William Brown

Personal information
- Full name: William Brown
- Date of birth: 27 June 1874
- Place of birth: Luton, Bedfordshire, England
- Date of death: 6 January 1940 (aged 65)
- Place of death: Luton, Bedfordshire, England
- Position(s): Forward; winger;

Senior career*
- Years: Team / Apps / (Gls)
- 1892–1895: Luton Town
- 1895–1899: St Albans City
- 1899–1901: Luton Town
- 1901–1904: Watford
- 1904–????: Luton Town

= William Brown (footballer, born 1874) =

English footballer and cricketer

William Brown (27 June 1874 – 6 January 1940) was an English amateur footballer and minor counties cricketer.

Brown was born at Luton in June 1874 to William Brown and his wife, Martha.
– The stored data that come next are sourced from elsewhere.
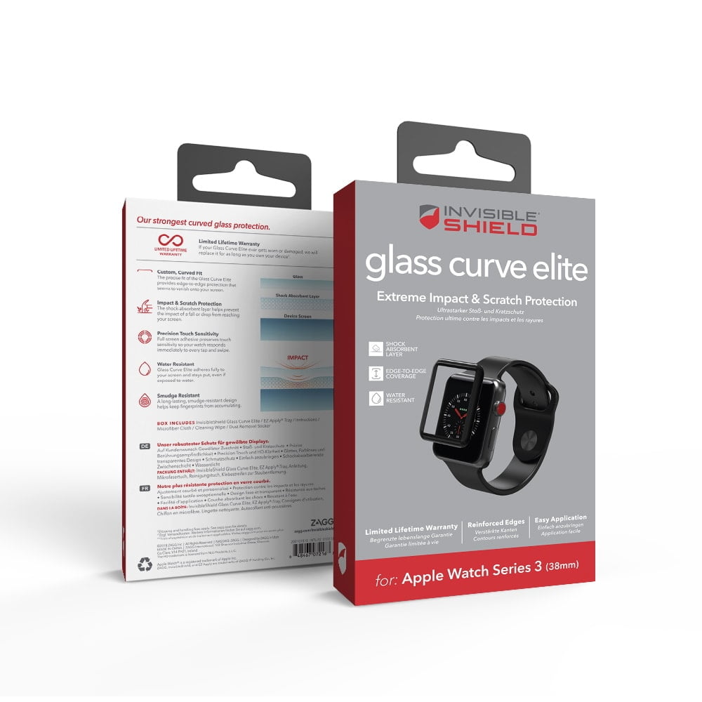Το διάφανο γυαλί της ZAGG, InvisibleShield® Glass Curve Elite™ είναι μια αόρατη ασπίδα προστασίας Edge to Edge για την οθόνη του δικού σου Apple Watch Series 3 (38mm).
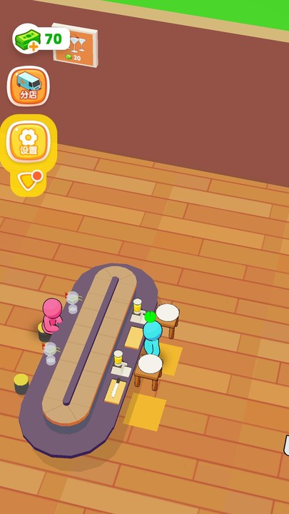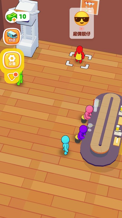 2、吧台建好后,蓝色小人会在吧台这儿忙活,给黄色顾客上餐,你得盯着点,保证小人及时服务,别让顾客等太久,顾客满意了,才会给你金币,用来继续升级店铺。
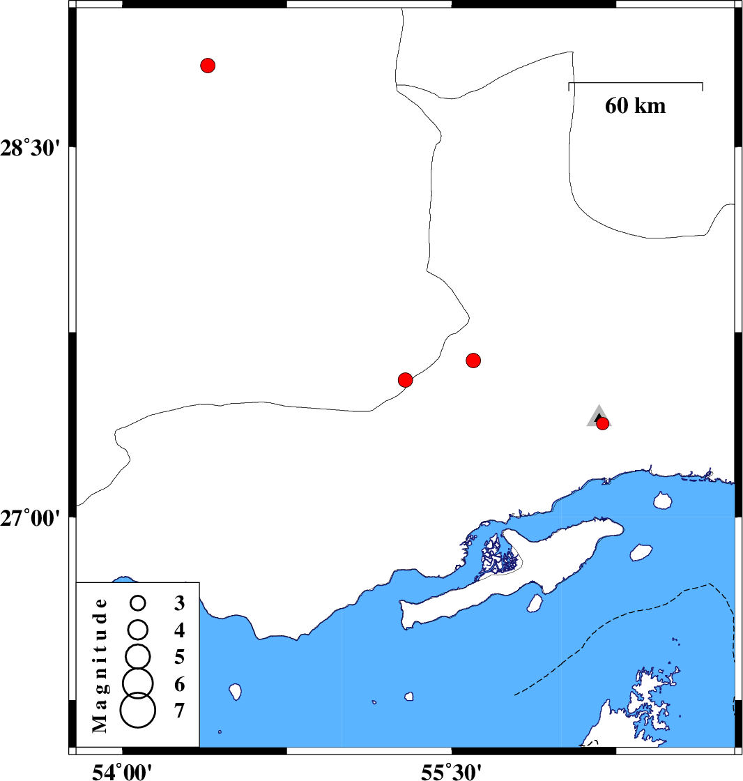 | 2017/10/08 | 08:47:00.9 | 12:17:00.9 | 27.636 | 55.598 | 6 | ML3 | Hormozgan Province, 81 km South-West of Hajiabad |
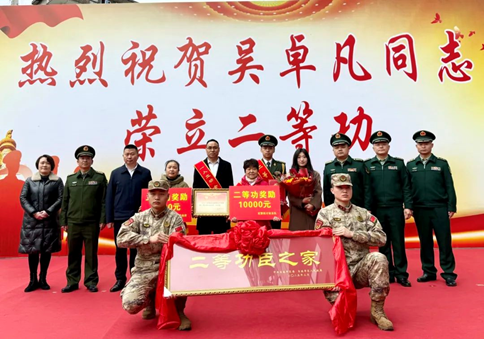 荣誉献功臣,军功耀门楣。3月6日上午,为深入开展“退役军人最期盼的10件事”活动暨拥军优属活动,营造崇尚典型、学习典型、争当典型的浓厚氛围。自流井区委、区政府、区人武部与四川武警总队、武警宜宾支队组成联合“报喜团”,为荣立二等功的吴卓凡及家属送上喜报和慰问金,并致以诚挚的祝贺。
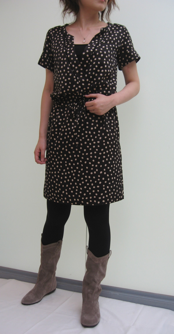 ブーツを合わせれば、全体のバランスが取りやすいので、柄物ワンピースを着ても、どこか馴染んでくれます。左のワンピースは、変形ドットが散りばめられたブラウジングワンピース。右は、“ペーパーローズ”と名づけられたリバティ生地を使用したワンピース。コクーン型に、大きな釦が少しレトロな雰囲気を醸し出しています。
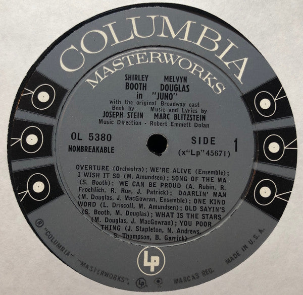 Original production presented by The Playwright's Company, Oliver Smith and Oliver Rea Based on "Juno and the Paycock" by Sean O'Casey Dances and Musical Numbers Staged by Agnes DeMille Production directed by Jose Ferrer 6 Eye label
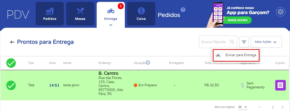 Agora, selecione o pedido e em Mais Ações, clique emEnviar para Entrega.

By profession a hat manufacturer, he played for Luton Town in three spells between 1892 and 1904, making 59 appearances and scoring ten goals during his second-spell. In between his three spells, he played for St Albans City from 1895 to 1899 and Watford from 1901 to 1904. Brown also played cricket at minor counties level for Bedfordshire, albeit intermittently, from 1904 to 1914, making sixteen appearances in the Minor Counties Championship. During the Second World War he was employed as a special constable in Luton. He fell ill on 4 January 1940, subsequently dying two days later.